Musk says Tesla’s robotaxi will open to the public next month

There are reasons to believe this won’t happen, or at least not as a normal person would expect it to happen.

Rani Molla
8/11/25 12:25PM

Over the weekend, Tesla CEO Elon Musk said Tesla’s robotaxi service “will be open access next month.” He made the statement in the way he makes lots of other important business statements: in a reply to a follower on X.

But like other reply announcements he’s made on the site, there’s reason to be wary.

For example, in July Musk told a follower inquiring about the expansion of the company’s self-driving service that it would grow to the Bay Area in a month or two. Tesla did roll out a service in the Bay Area, but it has a driver using supervised full self-driving and doesn’t have Robotaxi branding — a bit closer to an Uber than a self-driving car.

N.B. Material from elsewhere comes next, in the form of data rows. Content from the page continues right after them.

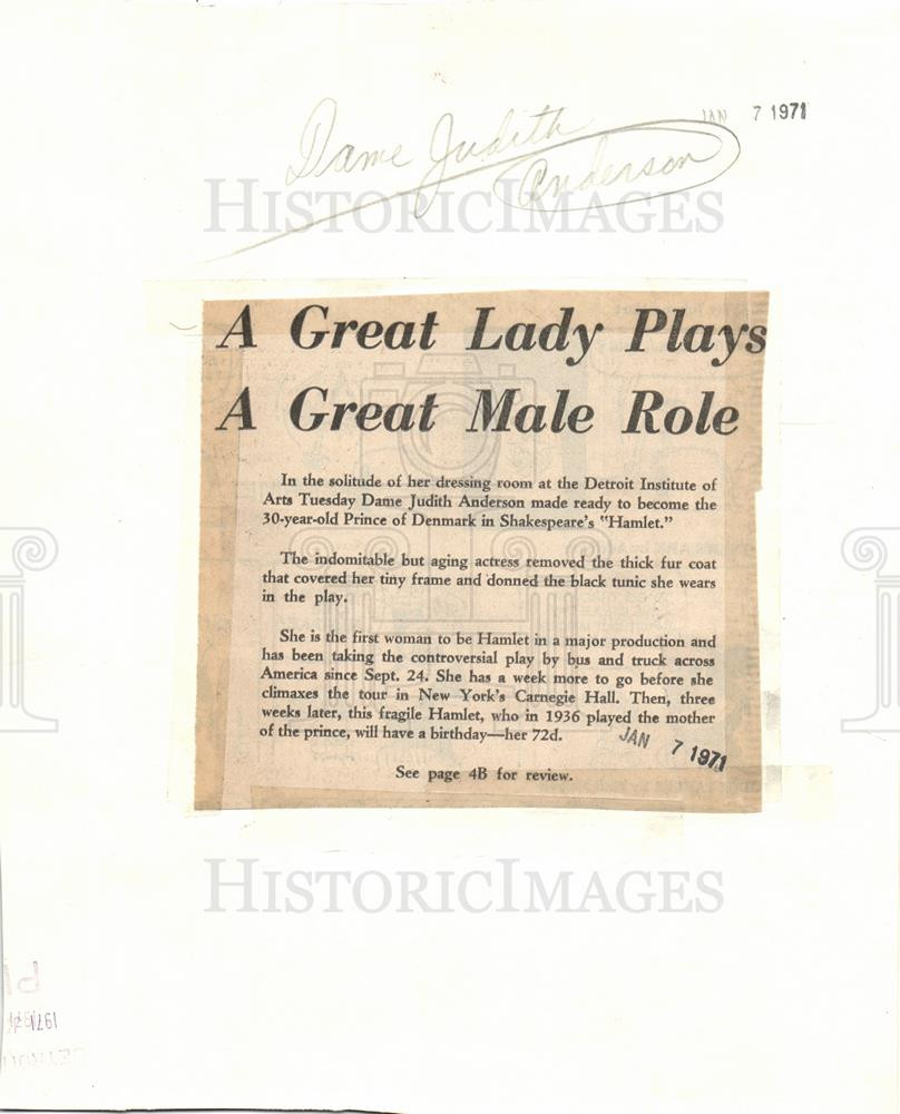 ebay template Note: Please study the images carefully to determine the condition of this vintage photograph, as it may not be in perfect condition. It may contain wrinkles, cracks, and possibly even tears due to its age and how it was handled before it got to us. A scanner may interpret colors and contrast differently than human eyes will, so it is possible that the actual photograph may be slightly darker or lighter in person. This vintage photograph is offered for sale as a collectible item and conveys no transfer of copyright. 1971 Press Photo Dame Judith Anderson Actress - dfpb59407 Dame Judith Anderson. A Great Lady Plays, A Great Male Role, in the solitude of her dressing room at the Detroit Institute of Arts. Photo measures 8.25 x 10 inches. Photo is dated 01/07/1971. PHOTO FRONT PHOTO BACK Historic Images Part Number: dfpb59407 FAQs Q: Can I just download a digital version instead? A: No, we sell only vintage originals and do not make or distribute any copies, including digital ones. Q: Do you combine shipping and invoices? A: Multiple photos won on the same seller ID combine automatically through the eBay checkout process. If you encounter problems with this, send us a message via eBay messaging and we will send you an invoice. Due to eBay limitations, we cannot combine items won on our different seller IDs for a single shipping charge. Q: How quickly do you ship the items once paid? A: We ship within one business day after your payment clears. If you do not receive an "order shipped" email from us by the close of the second business day from submitting payment, please e-mail us via eBay messaging. Q: How do you make sure my photograph arrives safely? A: We package each order between two cross-corrugated pieces of cardboard to ensure that the package is as difficult to bend as possible. We then wrap each order in a plastic sheet to help protect against moisture. We want you to rest assured that we take every precaution to ensure that the photograph you receive will be in the same condition in your care as it was in ours. Q: Will the "Historic Images" watermark be on my photo when I receive it? A: No. This is a digital watermark we use to protect our images. It is not printed on the photo. Q: What are your office hours? A: eBay for us is a business, and a very fun one to be in! We are open M-F 9 to 5 (CST). Therefore, we do not return e-mails and phone calls over the weekend. We observe the following holidays: New Years Day, Memorial Day, Fourth of July, Labor Day, Thanksgiving and the day after Thanksgiving, Christmas Eve and Christmas Day. Q: Where did all these vintage photos come from? A: These original vintage photographs are from various news service and newspaper photo archives from locations around the country including: Boston, Detroit, Tampa, Chicago, Denver, Seattle, New Orleans, Milwaukee, Portland, Spokane, and more. We do not copy or reproduce any photographs -- every item is a unique vintage piece that was housed in a news archive. Q: Can I use this photograph in my book/blog/website? A: The short answer is no. There is no transfer of copyright for republication or reproduction with these photographs when you purchase them, and only photographs taken before 1923 are currently automatically in the public domain. Permission from the copyright holder, which usually can be identified from the back of each photo, must be sought to republish or reproduce the image for any purpose. Q: Do you relist items (in case I miss an auction ending)? A: Auction items that receive no bids are relisted in our store (historicimages-store on eBay) as a fixed-price item and at a higher price than the starting auction price. Q: Do you leave feedback? A: Yes, we always leave feedback for buyers. Our software monitors when our buyers leave us feedback, then notifies us that we can leave feedback for the buyer. Rest assured, if you leave feedback, we will do the same! Check out our family of eBay IDs: historicimages01 Sports Photos historicimages02 Entertainment Photos historicimages03 Americana Photos historicimages04 International & War Photos historicimages05 Transportation Photos historicimages06 Photos of All Subjects historicimages07 Entertainment Photos historicimages08 Newsworthy Photos historicimages09 Entertainment Photos historicimages10 Sports Photos historicimages-store Our largest fixed-price selection historicimages-gallery Hand-picked photos Saturday night auctions About Us Historic Images was formed in September 2009, with a handful of scanners working out of a basement to digitize newspaper photo archives. We have since moved out of the basement, and we can now archive thousands of photos per day. Our company has worked with magazines and newspapers from Detroit, Boston, Denver, Seattle, Tampa, Chicago, and New Orleans, just to name a few. We are constantly adding to our inventory, and have assembled an archive of millions of photos to date. As our company evolved, we began our eBay business, which brings thousands of fresh auctions per week to the world's largest online auction marketplace. Our custom software systems and team of great employees allow us to efficiently scan and sell large photo archives online. At the very core of our company's DNA is a strong commitment to customer satisfaction and strict integrity for our product. Our promise to you is that we will do everything in our power to provide you a great buying experience. Copyright 2009 - Present, Historic Images, Inc. Sell Smarter with Kyozou. Inventory and Ecommerce Management
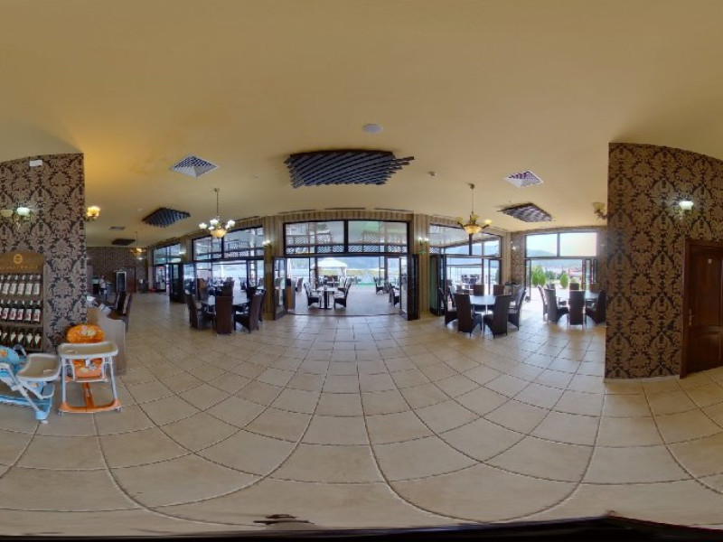 Mesele se servesc in restaurantul aflat in curtea comuna cu Pensiunea Melba.
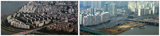 47]. On the other hand, access to the Hangang riverfront as a public green space is inequitable, because the numbers of users and user groups are limited due to the highways and large-scale residential complexes. This is the main reason that limits the flexibility of the riverfront in providing various programs to a broad spectrum of users. Introducing connective infrastructure is unavoidable for overcoming this disconnect between the urban area and the riverfront.

From Musk’s latest comments, it’s unclear if he’s referring to the Robotaxi app doing Uber-like ride-hailing with Teslas in the Bay Area or the robotaxi self-driving service in Austin, which has a person monitoring in the passenger seat but seems a bit more like a car driving itself.

If it’s the former, California residents already have that service with Uber and Lyft (as well as true driverless ride-hailing with Google’s Waymo). If it’s the latter, at last count Tesla only had 10 to 20 vehicles operating in Austin, so if the program is indeed opened to the broader public, the company will also have to roll out many more robotaxis (and their passenger seat monitors) in order for the service’s broader availability to matter in practice, given likely high demand.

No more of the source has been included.